### REQUIREMENT
Repeat the lines from the line with "Волоколамское шоссе, дом 100." to the line with "Inscenace Divadla Racek." in the listing below, keeping both end lines and adding nothing.

### DATA FOR PROCESSING

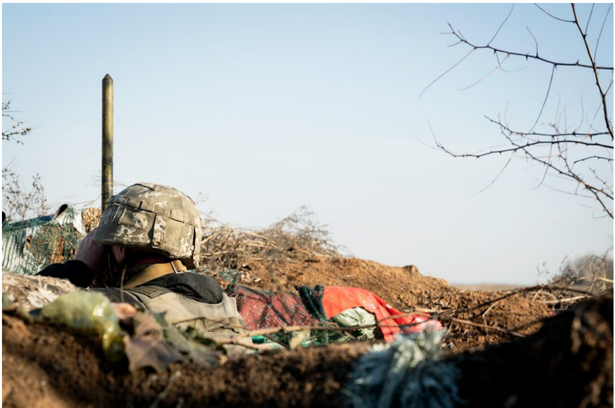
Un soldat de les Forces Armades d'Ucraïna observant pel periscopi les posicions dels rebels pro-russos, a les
---
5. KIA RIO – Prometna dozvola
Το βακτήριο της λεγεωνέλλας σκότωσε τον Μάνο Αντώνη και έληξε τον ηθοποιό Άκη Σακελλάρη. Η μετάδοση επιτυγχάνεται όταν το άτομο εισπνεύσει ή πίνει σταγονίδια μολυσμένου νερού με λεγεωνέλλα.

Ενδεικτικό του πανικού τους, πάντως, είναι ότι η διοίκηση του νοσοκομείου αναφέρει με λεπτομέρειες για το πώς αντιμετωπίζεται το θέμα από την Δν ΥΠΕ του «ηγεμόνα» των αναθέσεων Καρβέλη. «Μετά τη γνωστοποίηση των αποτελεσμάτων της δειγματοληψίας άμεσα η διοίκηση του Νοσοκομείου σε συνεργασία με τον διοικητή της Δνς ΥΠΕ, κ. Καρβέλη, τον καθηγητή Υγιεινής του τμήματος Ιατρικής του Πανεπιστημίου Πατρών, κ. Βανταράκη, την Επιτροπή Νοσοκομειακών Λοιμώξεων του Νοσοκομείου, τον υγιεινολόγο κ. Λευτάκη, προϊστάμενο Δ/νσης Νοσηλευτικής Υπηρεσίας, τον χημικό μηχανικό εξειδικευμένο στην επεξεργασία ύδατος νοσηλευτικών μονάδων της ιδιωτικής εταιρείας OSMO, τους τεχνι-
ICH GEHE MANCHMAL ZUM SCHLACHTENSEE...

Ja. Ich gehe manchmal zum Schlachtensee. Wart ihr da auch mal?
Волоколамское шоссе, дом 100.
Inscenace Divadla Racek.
==
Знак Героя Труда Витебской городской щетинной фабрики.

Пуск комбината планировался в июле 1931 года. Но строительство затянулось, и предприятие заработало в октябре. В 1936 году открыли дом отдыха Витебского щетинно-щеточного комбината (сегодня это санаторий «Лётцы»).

### EXERCISE RESPONSE
Волоколамское шоссе, дом 100.
Inscenace Divadla Racek.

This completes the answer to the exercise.